It’s worthy therefore to pen down every necessary information, in such detail that a new researcher finds it easy to reproduce your results and take the project forward.

It’s a nice gesture to help a successor, so that time is not wasted in reinventing the wheel. In fact, you might want to revisit your dissertation later to learn techniques that you once performed with great efficiency but have lost touch with!

For this exercise to be effective, you need to be methodical throughout your PhD, and take down notes while doing experiments. If you believe you’ll be able to recall everything from memory, then you might be in for a shock!

While writing your dissertation, you’re most often restricted by a deadline, and it might be difficult to recollect experimental nitty-gritties. In fact, it’s a good practice to start organizing the sections on literature survey and methodologies well in advance while you’re still working. That saves a lot of time and effort later.

vi. Results

This is where you report the findings of your experiments. This section is essentially a combination of text and data figures. You describe the rationale of undertaking an experiment, what your hypothesis was, and what you expected to address with the experiment.

You then report the observation and analyze it. Each experiment is described in detail and connected with the prior experiment and the subsequent one, thus building up to a story.

An experiment thus leads you to another question which you try and answer in the next one, finally culminating in an interpretation of the combined results.

vii. Discussion

It’s great to be confident of your research findings and it’s equally essential to be open to analyze your results in the light of current knowledge. Your data might support some views in the field while it might contradict certain others.

It’s crucial to respect peers and give due credit to their findings, whether or not your findings align with theirs. What is critical is to place your research in a broad perspective:

How do your results support previous data?

Are you able to reproduce some crucial data from previous publications?

Why do you think your findings are different than certain others?

What are the scopes of improvement in your research?

Questions such as these are answered here.
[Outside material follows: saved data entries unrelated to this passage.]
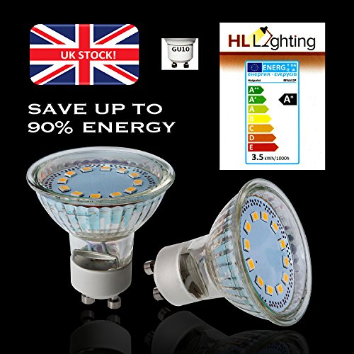 HL Lighting confezione da 5 lampadine a LED da 3,5 W, 300LM, luce bianca calda, 220 - 240 V equivalente ad alogena 30 W, lampadina di ricambio GU10, angolo di diffusione: 120°, illuminazione a binario, classe energetica: A +, 3000 K, ideale per qualsiasi ambiente, abitazioni, uffici e esterni, illuminazione sicura per famiglie con bambini., Warm White, GU10, 3.50 wattsW 240.00 voltsV
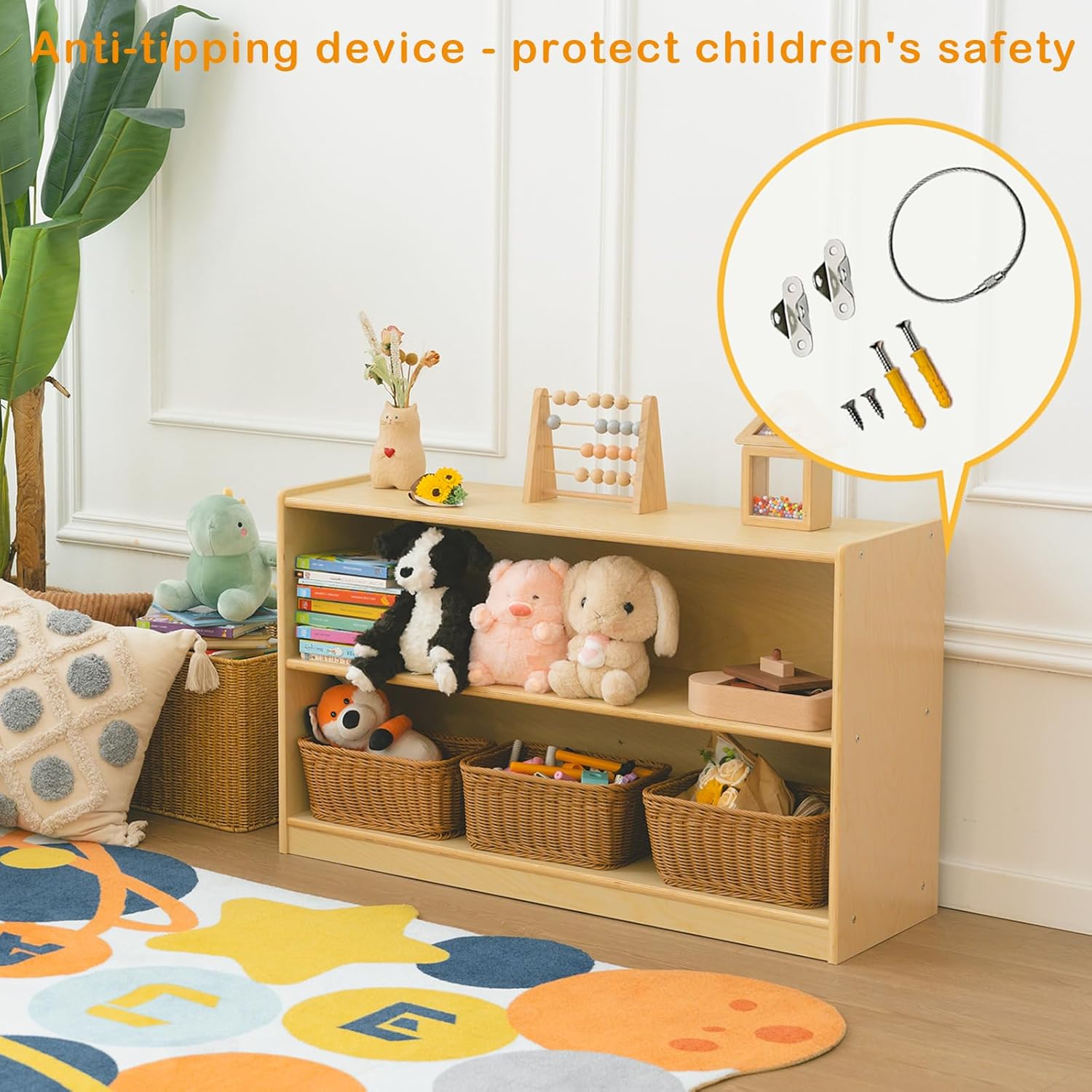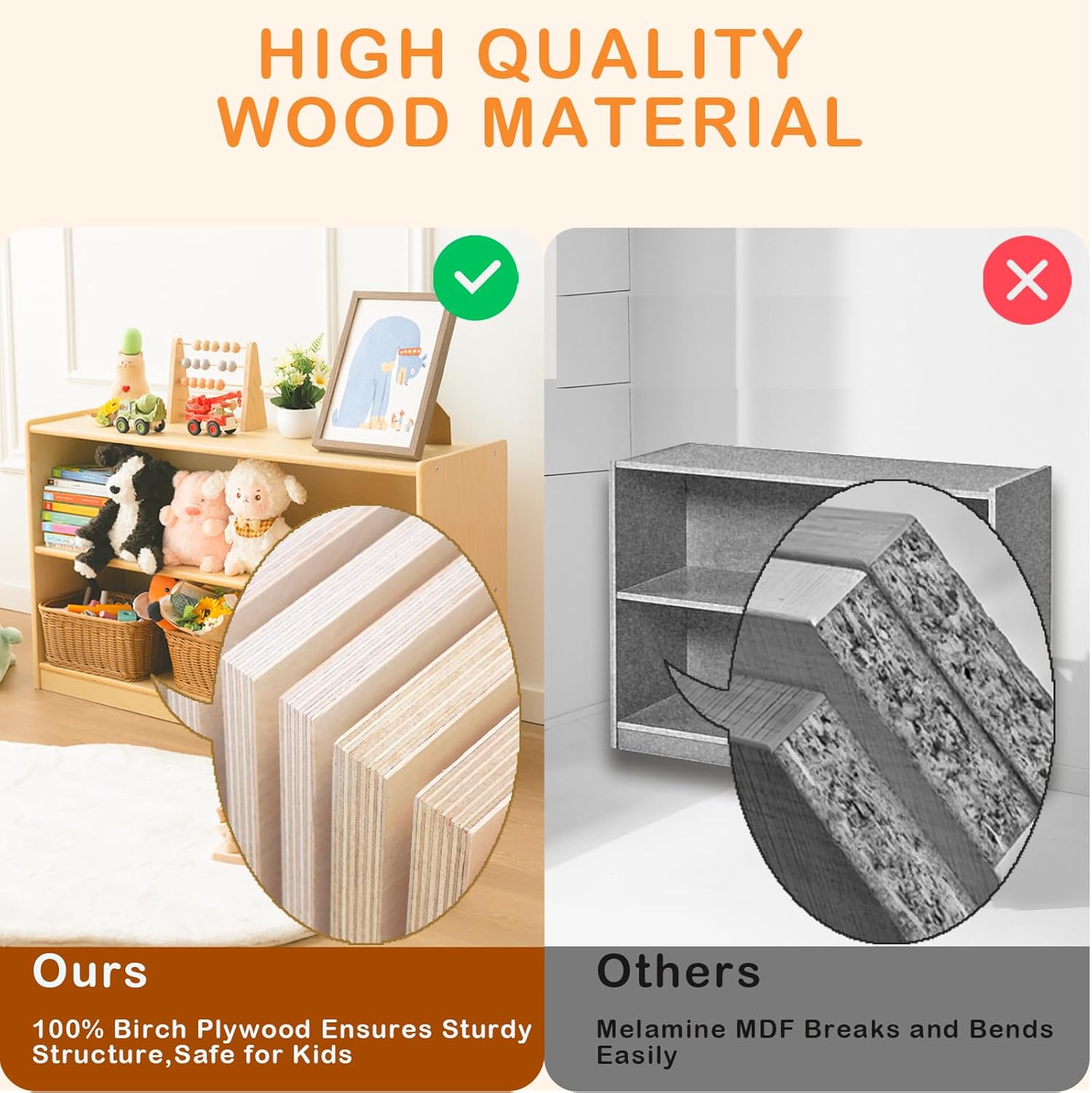 - Premium Birch Wood Quality: Our Montessori shelf is made from 100% birch plywood, ensuring a solid structure. The combination of natural wood texture and multi-compartment space makes it the perfect school or kids room storage solution to keep toys organized. The smooth surface is easy to maintain and wipe with a dry cloth
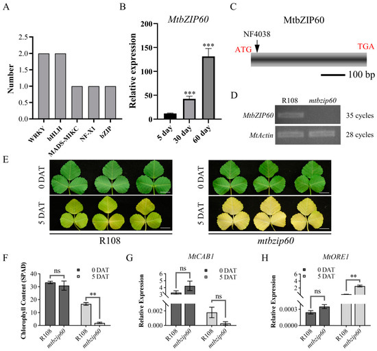 As only a limited number of bZIP TFs have been identified as regulators of leaf senescence in different species, the identified bZIP TF MtbZIP60 was chosen to perform further functional analysis. We first validated the expression trend of MtbZIP60 during leaf growth and senescence. The result showed a significant increase in MtbZIP60 expression level as leaf aging (Figure 6B, Table S1). In order to investigate the roles of MtbZIP60, we obtained a Tnt1-inserted mutant line mtbzip60 through screening the mutant collection. The MtbZIP60 gene contains a single exon, with the Tnt1 insertion at 16 bp downstream of the translational start codon (Figure 6C). qRT-PCR analysis showed that the insertion of Tnt1 leads to the loss of full-length expression of MtbZIP60 (Figure 6D). Dark treatment is an effective method to induce leaf senescence and is commonly used to simulate synchronous senescence [15]. Therefore, the fifth fully expanded compound leaf from apex was detached for dark treatment. After a five-day dark treatment, the detached leaves of mtbzip60 showed an accelerated leaf senescence compared with the wild-type R108 (Figure 6E). The degradation of chlorophyll, as reflected by the SPAD value, was significant higher in mtbzip60 compared with R108, which is consistent with the differences observed in the senescence process (Figure 6F). In addition, the senescence marker genes, MtORE1 and MtCAB1, exhibited corresponding alterations as well (Figure 6G,H). These results suggested that MtbZIP60 acts as a novel regulator of leaf senescence in M. truncatula.
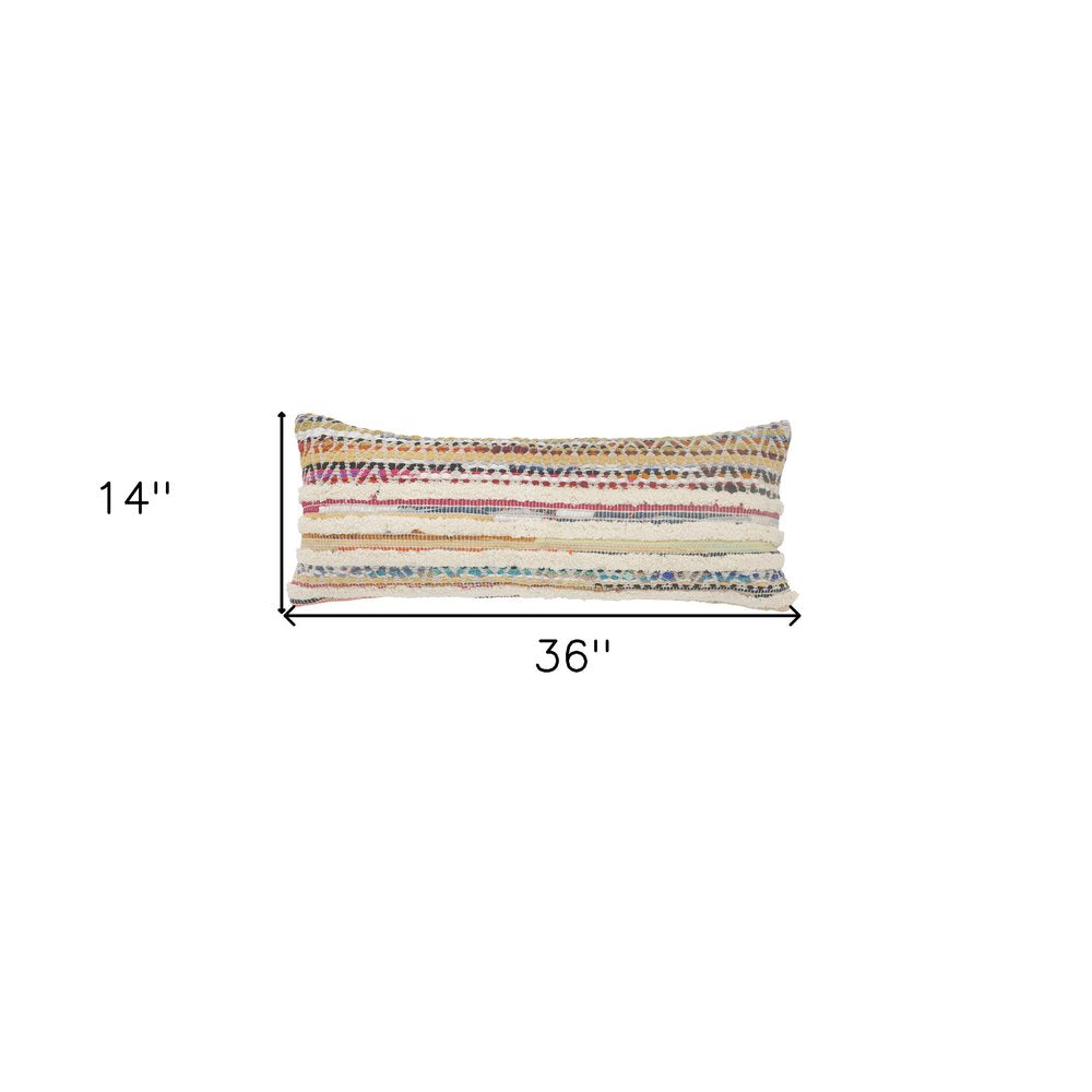 14" X 36" Off White Red And Blue Cotton Striped Throw Pillow

You may also utilize this section to discuss data which might not fit into your initial hypothesis but which you have worked upon to give your research a new direction.

This is really a fantastic place to reflect upon your data and freely express your thoughts about it.

viii. Contribution to the Field

As an extension of the previous section, some people describe the implications of the current research, how the findings help the field progress and how they contribute to solve unanswered puzzles.

ix. Future Directions

A PhD dissertation is an incremental contribution of a single person to a huge field of study. It’s never expected to culminate discovery. You’ve done your best in the given time frame, and no time limit is ever enough for the progress of science.

Research is an ongoing process, and although you might have earned your PhD degree, your thesis will have a section on future directions. It’s vital you understand where your research is headed, what advances could be done and what are the missing links.

Students often misinterpret this section as a list of unaccomplished tasks and therefore consider it a drawback. On the contrary, a well-written section on the future possibilities demonstrates your ability to think beyond your degree, it shows that you’re interested to see your project move beyond the scopes of your dissertation and provides valuable research ideas for your successors.

Be rest assured that you’ll be gratefully acknowledged for the same! Having worked on a project for many years, it’s imperative that you’re the most knowledgeable person about your project and are the best one to suggest research projects branching out from it.

x. References

Previously published literature from peer-reviewed journals or theses cited in the text should be described in internationally accepted formats (like APA, MLA, etc.) in this section. A good PhD dissertation should cover major and minor contributions in the field, so that a reader can find necessary literature to refer to if desired.

A Perfect PhD Dissertation!

The sections described above are the commonly used ones in dissertations worldwide. There might be minor alterations and inclusions though.

Students often incorporate Acknowledgements (to thank the many people who helped them, including supervisor, family, friends, and others), List of Abbreviations (for quick access to expansion of acronyms), and List of publications (to mention the articles which cover findings from the dissertation).

As you might understand, PhD dissertation is a record book of everything you’ve done to achieve that special degree. So, it’s best to give due prominence to it.

You’ll realize that this remains extremely dear to you, although later in life you might want to rectify the writing abilities of your younger self!

Nevertheless, given the time constraints that you must complete writing your thesis in, it’s best to plan and manage your time accordingly. Not every university gives you dedicated time to write your thesis, instead you are expected to carry on working while you write.

It usually helps if you’re organized throughout your PhD and do not have to dig in and fish out every information with great difficulty form your lab notebooks! Although a PhD dissertation doesn’t usually have a word limit, it’s good to keep the language clear and concise, with minimal re-iterations.

You wouldn’t want your examiners to get bored of reading! The onus is on you to write your dissertation in a way that is enjoyable to read and easy to understand, such that it does not challenge the attention span of your readers.

It should reflect how articulate you are in conveying your research on paper. It’s worthwhile to categorize your dissertation into well-defined chapters, and needless to say, please do avoid typographical and grammatical errors, and plagiarism.

Even self-plagiarism is discouraged in several universities, meaning that you’re expected to re-word yourself even though your thesis and published paper might cover the same results.

Some universities however allow students to compile all their papers and present them as their dissertation.

Overall, PhD dissertation is a testament to the hard work of a student who by the completion of PhD, is an expert in the dissertation topic.